That’s why the Software Sustainability Institute (SSI) Research Software Maintenance Fund is such a breath of fresh air: it pays for the unsexy work that keeps research moving. Not a shiny new prototype. Not a “we’ll refactor someday.” Actual maintenance—right now—so the tools your community relies on don’t quietly rot in a GitHub repo while PhD students reinvent them for the third time.

Round two is open, backed by the UKRI Digital Research Infrastructure programme, with grants of up to £150,000 for up to 12 months. There’s £4.8 million in the pot across the fund. If you maintain software that’s used beyond your immediate team—software that underpins methods, data pipelines, analysis, modelling, or community workflows—this is one of the rare opportunities that treats your work like the critical infrastructure it is.

And yes: it’s competitive. But it’s also absolutely worth the effort, because the alternative is the usual “best-effort maintenance” funded by leftover scraps of time and someone’s fading optimism.

Key Details at a Glance

DetailInformation
Funding typeGrant (software maintenance and sustainability)
Funder / programme contextSoftware Sustainability Institute (SSI), supported by UKRI Digital Research Infrastructure programme
Total funding available£4.8 million (fund-level)
Max award (Round two)Up to £150,000
Project lengthUp to 12 months
Deadline25 February 2026, 16:00 (UK time)
StatusOpen
Best forTeams maintaining widely-used research software that needs reliability, security, documentation, and long-term sustainability work
Official opportunity pagehttps://www.ukri.org/opportunity/ssi-research-software-maintenance-fund-round-two/

What This Maintenance Grant Actually Pays For (And Why It Matters)

Let’s translate “maintenance” into human language. This fund is about keeping essential research software usable, trustworthy, and available—especially the kind of software that lots of people depend on but nobody has time to keep healthy.

In practice, a strong maintenance proposal typically centers on work like stabilising releases, reducing technical debt, improving test coverage, modernising build systems, tightening security practices, making the software easier to install, and writing the documentation that turns “a clever tool” into “a tool other people can actually use.”

The biggest hidden win here is that maintenance work creates compounding returns. Fixing installation pain points doesn’t just help one user—it helps every future user. Adding a continuous integration pipeline doesn’t just catch one bug—it prevents dozens. Improving onboarding docs doesn’t just save you time answering emails—it grows your contributor base, which is the closest thing software has to a retirement plan.

A £150,000 grant over 12 months can realistically cover a focused package of improvements: dedicated developer time, targeted community work, perhaps a part-time research software engineer (RSE), plus the essential “glue tasks” that always get neglected—release management, issue triage, dependency updates, and long-overdue cleanup. In other words: the stuff that makes software survive contact with reality.

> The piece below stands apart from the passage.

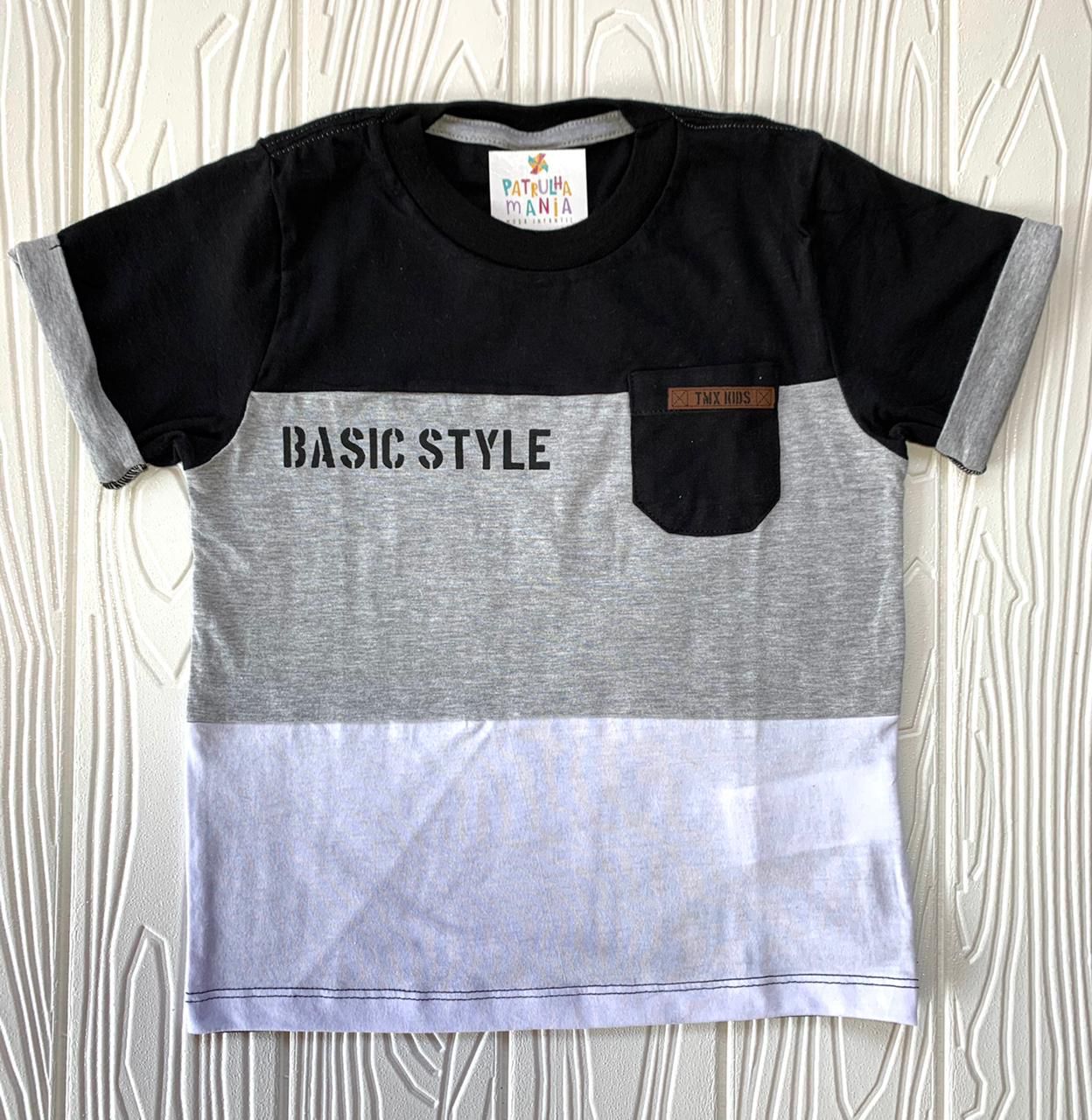 Camiseta meia malha com estampa silk frontal, bolso e recorte com degradê de cor.

If your software is already popular, this fund can help you keep up with demand. If it’s mission-critical in a niche community, it can help you avoid becoming a single point of failure (“Only Priya knows how the parser works, and Priya is graduating in June”). Either way, the goal is the same: keep research software reliable and accessible.

Who Should Apply (And Who Should Probably Sit This One Out)

You’re a strong candidate if you can say, with a straight face and evidence to match, that your software matters beyond your desk.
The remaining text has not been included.